EXERCISE INSTRUCTIONS:
Nothing outside the range is to be copied. From the entries below, reproduce exactly the lines starting at the one with "Après calibrage SDR, j’obtiens" and ending at the one with "会议首先学习传达了学校202", without pictures.

------ GIVEN INFORMATION ------

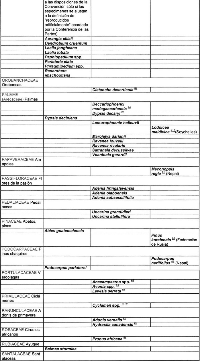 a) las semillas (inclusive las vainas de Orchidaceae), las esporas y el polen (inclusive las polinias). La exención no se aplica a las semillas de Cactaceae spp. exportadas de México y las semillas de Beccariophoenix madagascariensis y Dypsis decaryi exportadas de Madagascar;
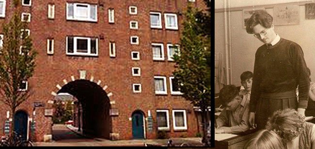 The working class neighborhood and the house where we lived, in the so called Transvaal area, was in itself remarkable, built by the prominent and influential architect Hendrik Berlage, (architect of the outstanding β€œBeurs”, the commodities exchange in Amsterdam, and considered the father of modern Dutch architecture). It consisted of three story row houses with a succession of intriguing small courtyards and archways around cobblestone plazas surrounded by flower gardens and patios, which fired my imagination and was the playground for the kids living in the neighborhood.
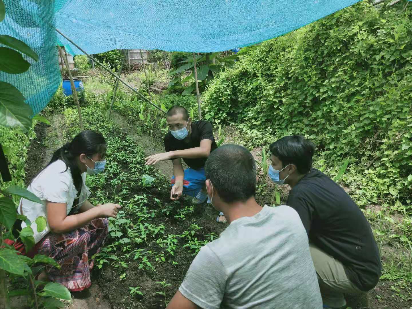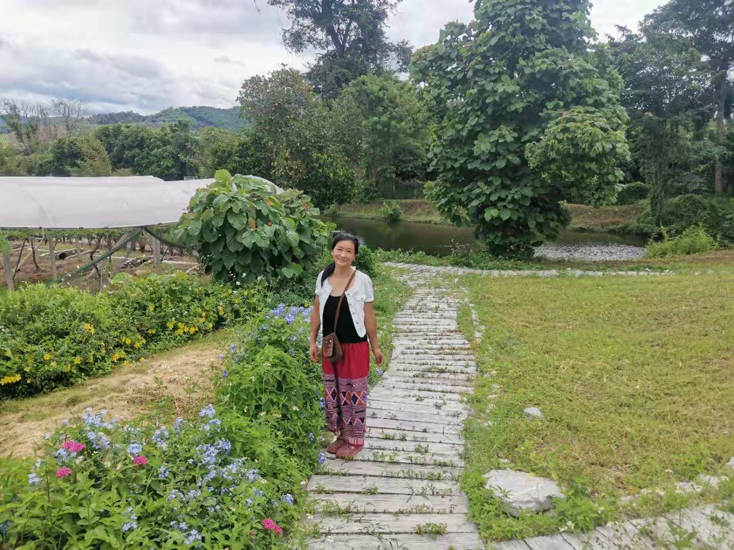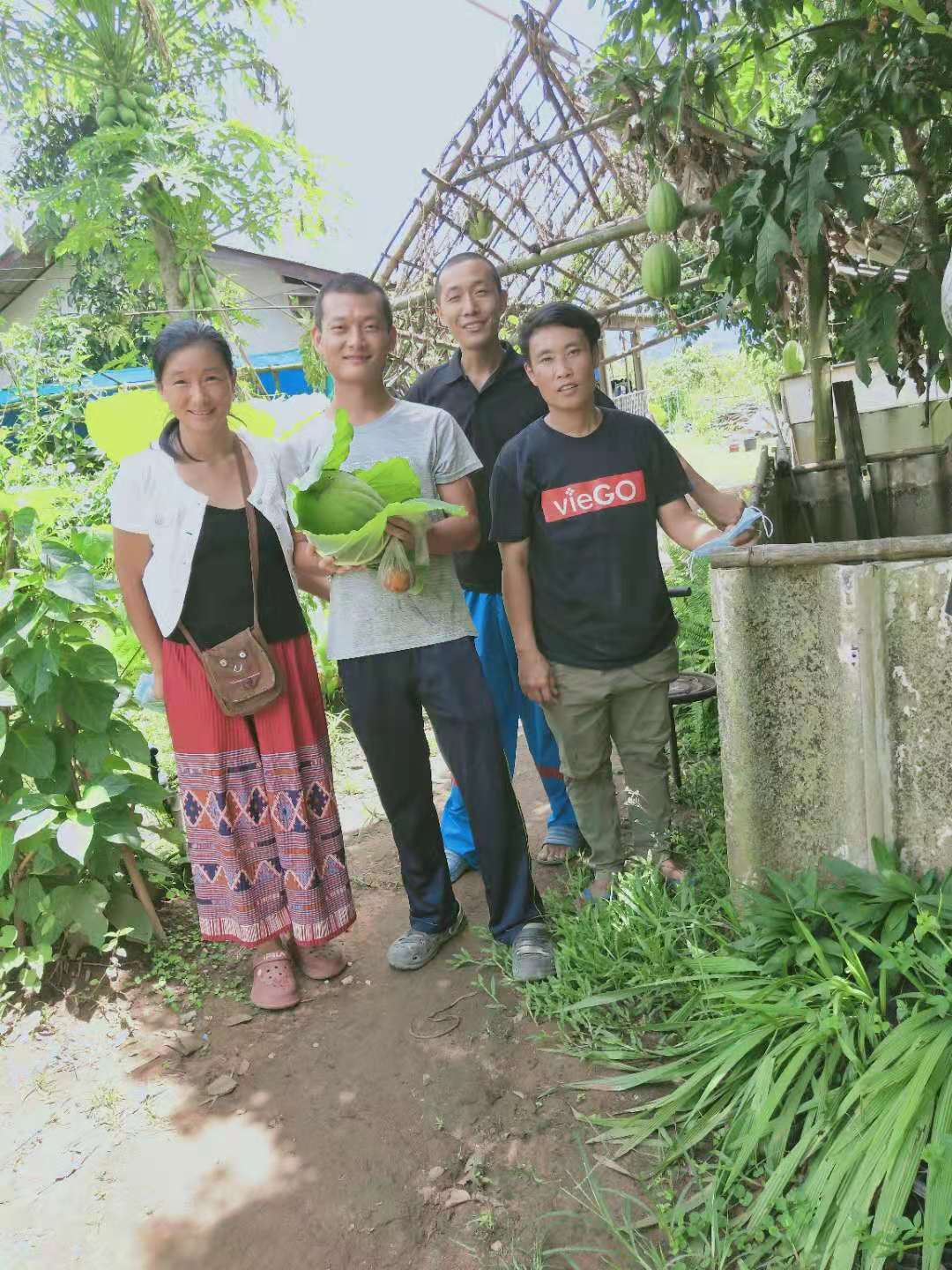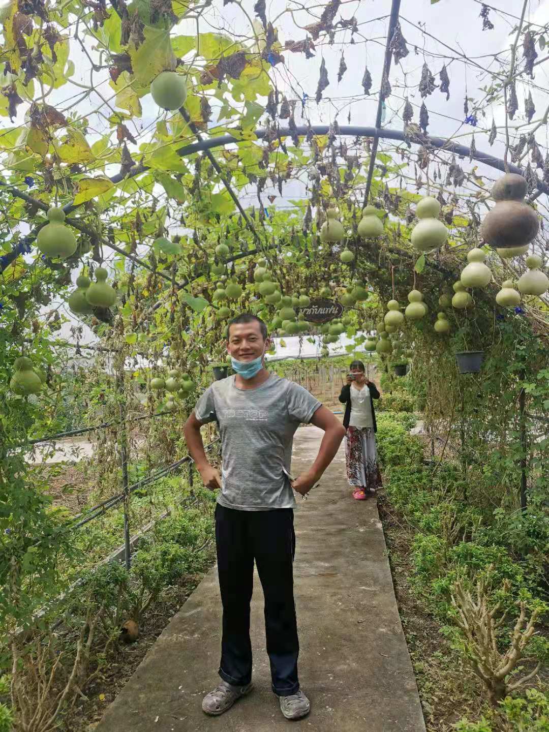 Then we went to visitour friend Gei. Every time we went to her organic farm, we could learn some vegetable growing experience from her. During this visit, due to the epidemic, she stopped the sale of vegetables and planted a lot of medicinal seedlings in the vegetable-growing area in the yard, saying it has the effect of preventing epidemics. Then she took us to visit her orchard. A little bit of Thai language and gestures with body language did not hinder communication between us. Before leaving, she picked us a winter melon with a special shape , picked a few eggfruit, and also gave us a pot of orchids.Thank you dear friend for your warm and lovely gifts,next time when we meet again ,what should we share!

------
------ GIVEN INFORMATION ------

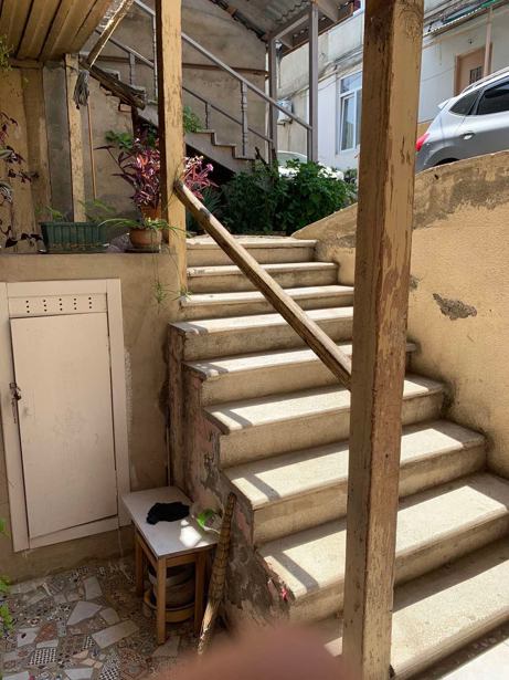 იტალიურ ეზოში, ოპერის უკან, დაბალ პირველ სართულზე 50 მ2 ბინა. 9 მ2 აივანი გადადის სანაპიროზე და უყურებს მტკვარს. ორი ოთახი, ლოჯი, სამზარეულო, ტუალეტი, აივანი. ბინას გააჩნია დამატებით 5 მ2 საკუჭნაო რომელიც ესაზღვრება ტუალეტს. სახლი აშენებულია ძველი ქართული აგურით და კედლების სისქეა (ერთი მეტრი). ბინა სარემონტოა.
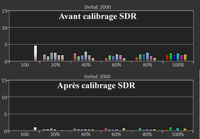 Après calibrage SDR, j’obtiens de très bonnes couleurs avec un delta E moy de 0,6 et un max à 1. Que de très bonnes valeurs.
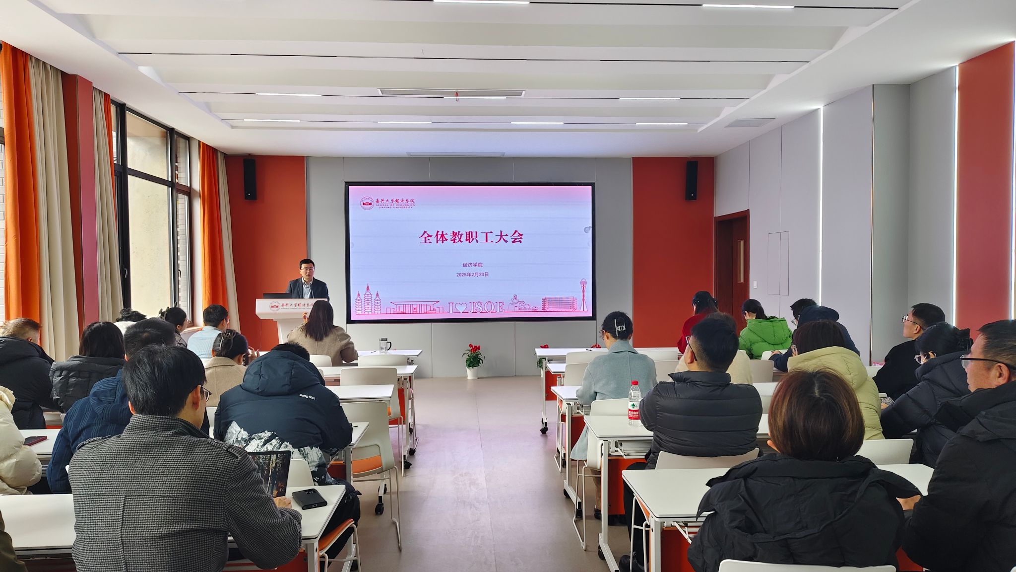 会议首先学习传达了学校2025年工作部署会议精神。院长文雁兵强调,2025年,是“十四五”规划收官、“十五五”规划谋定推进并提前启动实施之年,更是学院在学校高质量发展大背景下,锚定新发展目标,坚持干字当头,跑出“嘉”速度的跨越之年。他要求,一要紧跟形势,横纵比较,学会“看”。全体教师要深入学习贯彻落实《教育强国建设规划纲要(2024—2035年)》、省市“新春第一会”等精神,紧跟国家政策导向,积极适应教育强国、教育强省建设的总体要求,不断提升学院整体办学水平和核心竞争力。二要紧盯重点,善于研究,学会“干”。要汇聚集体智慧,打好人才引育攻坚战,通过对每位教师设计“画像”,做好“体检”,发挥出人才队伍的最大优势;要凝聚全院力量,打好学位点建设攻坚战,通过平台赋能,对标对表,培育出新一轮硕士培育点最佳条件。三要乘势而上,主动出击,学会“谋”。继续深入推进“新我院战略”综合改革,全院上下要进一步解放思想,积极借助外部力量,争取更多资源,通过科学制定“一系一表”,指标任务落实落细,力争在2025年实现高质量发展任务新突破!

------
------ GIVEN INFORMATION ------

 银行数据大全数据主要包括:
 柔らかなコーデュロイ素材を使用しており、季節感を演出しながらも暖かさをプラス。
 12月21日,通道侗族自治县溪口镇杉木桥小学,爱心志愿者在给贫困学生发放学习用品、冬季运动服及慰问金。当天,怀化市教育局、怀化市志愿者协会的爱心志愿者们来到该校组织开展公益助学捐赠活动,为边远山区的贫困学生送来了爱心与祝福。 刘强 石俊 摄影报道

------

SOLUTION TO THE EXERCISE:
 Après calibrage SDR, j’obtiens de très bonnes couleurs avec un delta E moy de 0,6 et un max à 1. Que de très bonnes valeurs.
 会议首先学习传达了学校2025年工作部署会议精神。院长文雁兵强调,2025年,是“十四五”规划收官、“十五五”规划谋定推进并提前启动实施之年,更是学院在学校高质量发展大背景下,锚定新发展目标,坚持干字当头,跑出“嘉”速度的跨越之年。他要求,一要紧跟形势,横纵比较,学会“看”。全体教师要深入学习贯彻落实《教育强国建设规划纲要(2024—2035年)》、省市“新春第一会”等精神,紧跟国家政策导向,积极适应教育强国、教育强省建设的总体要求,不断提升学院整体办学水平和核心竞争力。二要紧盯重点,善于研究,学会“干”。要汇聚集体智慧,打好人才引育攻坚战,通过对每位教师设计“画像”,做好“体检”,发挥出人才队伍的最大优势;要凝聚全院力量,打好学位点建设攻坚战,通过平台赋能,对标对表,培育出新一轮硕士培育点最佳条件。三要乘势而上,主动出击,学会“谋”。继续深入推进“新我院战略”综合改革,全院上下要进一步解放思想,积极借助外部力量,争取更多资源,通过科学制定“一系一表”,指标任务落实落细,力争在2025年实现高质量发展任务新突破!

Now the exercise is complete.